Researchers at the Institute of Photonic Sciences (ICFO) have developed a low-cost, compact, portable on-chip light microscope capable of carrying out ultrasensitive analysis of transparent objects.

Holographic, phase contrast and differential interference contrast (DIC) microscopes have been developed in recent years for making transparent objects visible—opening new pathways for the study and characterization of structures such as biological cells or protein layers. While these technologies offer high sensitivity and resolution, they have proven to be severely limited as far as field of view (FOV) and depth of field (DOF)—major drawbacks for large samples, where a scanning method is mandatory and time consuming.

There is always a trade-off: when trying to improve one parameter with a specific combination of lenses, the other will deteriorate.

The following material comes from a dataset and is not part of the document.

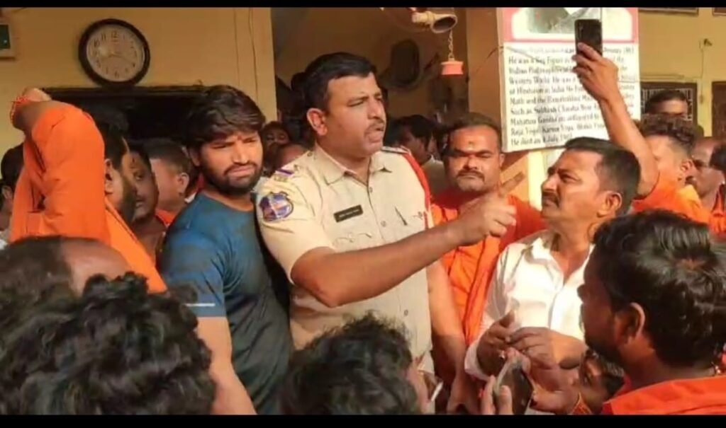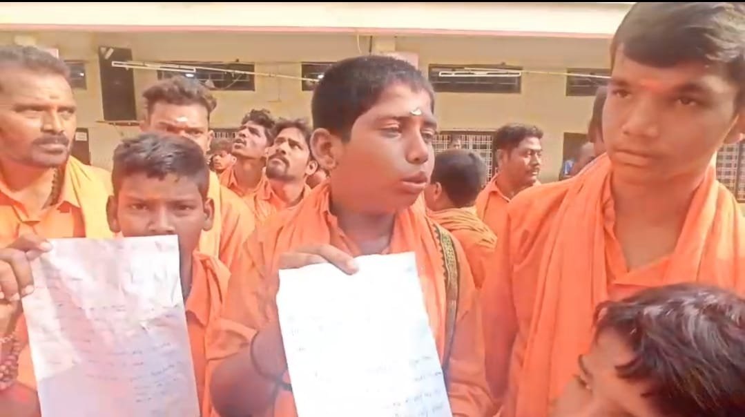 జగిత్యాల జిల్లా మెట్పల్లి పట్టణంలో హనుమాన్ మాల వేసుకున్న విద్యార్థులను పాఠశాలలోకి అనుమతించకపోవడంతో ఉద్రిక్త పరిస్థితులు నెలకొన్నాయి. పట్టణానికి చెందిన నిఖిల్ భరత్ ప్రైవేట్ పాఠశాలలో ఈ ఘటన చోటుచేసుకుంది. హనుమాన్ దీక్ష తీసుకున్న ఐదుగురు విద్యార్థులను పాఠశాల యాజమాన్యం తరగతులకు అనుమతించకపోవడంతో వివాదం చెలరేగింది.ఈ విషయం తెలుసుకున్న హనుమాన్ మాలధారులు పెద్ద ఎత్తున పాఠశాల వద్దకు చేరుకొని యాజమాన్యానికి వ్యతిరేకంగా నినాదాలు చేశారు. విద్యార్థుల మతాచారాలను గౌరవించకుండా ఇలా ప్రవర్తించడం సరైంది కాదని వారు ఆగ్రహం వ్యక్తం చేశారు. కొంతసేపు పాఠశాల ముందు ఉద్రిక్త వాతావరణం నెలకొంది.ఈ సందర్భంగా విద్యార్థులు మాట్లాడుతూ హనుమాన్ దీక్ష కొనసాగుతున్న సమయంలో పాఠశాలకు రావొద్దని చెప్పి, దీక్ష విరమణ అయ్యేవరకు 21 రోజుల పాటు సెలవు తీసుకోవాలని బలవంతంగా లీవ్ లెటర్ రాయించుకున్నారని ఆరోపించారు.

Therefore, in recent years, research has been focused on developing microscopes without optical lenses or objectives that could offer unprecedented FOV while maintaining fair sensitivity and resolution.

ICFO researchers have now built a microscope made with consumer electronic products capable of simultaneously measuring nanometer-thick changes over a large volume (0.5cm^3) in transparent objects such as glass. The researchers developed a large-FOV interferometric on-chip, lens-free microscope based on a novel design with a very high axial sensitivity and DOF, applying a technique suitable for use in microarray platforms for the detection of proteins without the need for labels.

A large-field-of-view interferometric microscope can detect single protein layers. Image credit: ICFO. By using collimated polarized light, the scientists were able to reconstruct an image by shining light through the transparent sample to observe and analyze the phase shift and interference intensity pattern, a technique known as phase-shifting interferometry.

”The device means a major step forward for light microscopy techniques, especially for microarray platforms, since it could definitely be used as a point-of-care tool in the diagnosis and treatment of major diseases such as sepsis, a critical area where fast and accurate results can translate into life-changing health outcomes for individuals," says Valerio Pruneri, an ICFO researcher who helped develop the microscope.

The new device has proven to be low-cost and compact, making it an ideal device to be fully integrated into cameras of smartphones or tablets and used for detecting and scanning transparent objects or surfaces.